Friday, May 28, 2010

Apparently I should do a head count each time I get in the car...

Sometimes it is easy to forget things when you are a busy mom of 3.

Like you could forget about your 5th graders DARE graduation...your kids piano lessons...boy scouts...etc.

You could also forget to take your child home with you when you leave the gym.

You could take a shower at home, get dressed, and then - 45 minutes later - you could frantically drive back to the gym barefooted with a towel on your head to retrieve said child.

Now if your past is marred by such an event it is probably not a good idea to use the 'I am leaving now' tactic when trying to hurry a child when it is time to go home from the park.

You know when you say "Well - goodbye, I am leaving now" to an offspring who won't get off the swings? Your plan is not to actually leave the child but to make them THINK that they will be left behind if they don't hurry.

To terrify a child with the threat of abandonment is a perfectly acceptable form of eliciting cooperation - IF - you have not actually left that child somewhere in the first place.

Because if you did leave your child at the gym day care, and his six year old eyes watched you from the window as you climbed into your car and drove away it could cause a significant amount of emotional trauma.

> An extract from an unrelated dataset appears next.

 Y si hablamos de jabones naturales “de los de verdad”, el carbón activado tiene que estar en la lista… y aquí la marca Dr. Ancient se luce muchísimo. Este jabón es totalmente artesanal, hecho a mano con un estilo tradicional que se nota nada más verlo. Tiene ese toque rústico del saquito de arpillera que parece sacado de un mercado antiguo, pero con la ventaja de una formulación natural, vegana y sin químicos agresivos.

Perhaps the traumatic effects of being abandoned will not manifest themselves at first. Then, several weeks later when you are trying to leave the park and you utter the ill-fated phrase: "Well - goodbye, I am leaving now" you will know the extreme extent of emotional damage that you created in the psyche of the small boy.

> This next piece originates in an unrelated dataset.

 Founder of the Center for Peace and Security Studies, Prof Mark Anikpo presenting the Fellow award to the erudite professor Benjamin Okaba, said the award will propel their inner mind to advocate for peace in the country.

Upon hearing your declaration of abandonment and seeing you retreat towards the family car the boy will probably utter a shrill scream and then slump to the ground sobbing.

When you roll your eyes, turn back to physically retrieve him and explain that you would never really leave him anywhere he will look at you with hurt, tear filled eyes and say:

"Maybe I would believe you if you didn't already leave me at the gym. (Sniff-sob). At least at the gym a grown-up was watching me. Nobody will take care of me when you leave me at the park."

And then on the drive home you will have to guiltily address tear-full issues such as:

"I don't think Mom's are supposed to leave kids places"...
"I don't think Drew's Mom ever left him anywhere"...
"I don't think Matthew's Mom ever left him anywhere"...
"I don't think Ben's Mom ever left him anywhere"...
"I don't think Jack's Mom ever left him anywhere"...

And so on...

So - in order to raise kids who will believe that 'Mom-Will-Always-Be-There-For-Me' you really should try your best not to leave them at the gym.

Yeah.

Wednesday, May 5, 2010

Apparently I have a Red Thumb

I have the opposite of a green thumb. Based the opposites of the color wheel this means that I have a red thumb - and it is red with the blood of every potted thing that I have killed. Plants need only to absorb my exhaled carbon dioxide and shortly thereafter they wither and die.

This is a well known fact among the members of my family which is why Mr.Z walked in the door holding a cup with a bean sprout which he had cultivated in Kindergarten and said: "Do you want me to just throw this away now? Or should we wait for it to die?"

He decided to keep it. It did not survive.

I can now add a bean sprout to my growing list of victims.